To validate these structural elements we have used pain, nutrition and emotional distress as demonstration symptoms and functions. Expert groups including clinicians from all sites and from all relevant professions have been established. They are involved in these development and iterative processes together with other stakeholders. During this summer and fall (2023), a demo of the digital solution has been developed, and feedback collected from all clinical sites as well as from external stakeholders. Together, these activities have informed us of the necessary structure (the digital architecture) and content of the first digital prototype of the MyPath solution. The MyPath software is now being programmed and will soon be ready for testing.
In addition, insight into current and proposed patient flow and patient-centered care practices have been collected through interviews, observations and workshops. Key clinicians treating the selected patient cohorts in each clinical site have been identified. These clinicians and other relevant stakeholders are through interviews informing and preparing us for the implementation study in years 3-4.
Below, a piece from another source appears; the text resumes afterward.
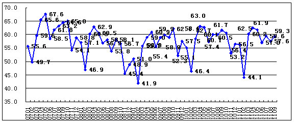 中间投入价格指数小幅回调。2011年9月中间投入价格指数为59.9%,环比回落0.3个百分点。分行业来看,建筑业和消费性服务业相同,均为61.0%;生产性服务业最低,为57.6%。20个行业中,餐饮业、建筑装饰业、住宿业、零售业和建筑安装业等行业高于60%;房地产业、航空运输业、电信及其他信息传输服务业和邮政业等行业在50%-60%之间。

In MyPath, we are developing a digital solution for patient-centered care for use in any cancer patient cohort, independent of treatment intention. Patients with curative, life-prolonging, or palliative treatment intentions will be users of MyPath. The novelty of the MyPath solution is that it is more than a “free-standing app” for collecting the “patient voice” (PROMs). MyPath will be a complete (comprehensive) solution that includes symptom- and function assessment and classification, and individualized treatment plans based on these classifications. Patient involvement in the treatment- and care decisions is crucial. Shared decision-making is therefore an integrated part of the clinical consultations in MyPath. To successfully implement this novel digital solution into routine care, harmonization and adjustment between clinical practice and the end digital product are needed. This requires appropriate training of the clinical staff. Moreover, the solution needs to be tested continuously and adapted to local requirements and the patient population at each site. Through co-creation activities, we ensure that the solution fits the needs of the end-users.
The digital MyPath solution will be an integrated part of the EMRs at each site. Involvement at organisational levels at each site is crucial, including leaders at the top level, ICT departments, clinical leaders, patient organisations, etc. Already at this early stage of the project, it is shown that involvement is fundamental and can prevent barriers to adoption.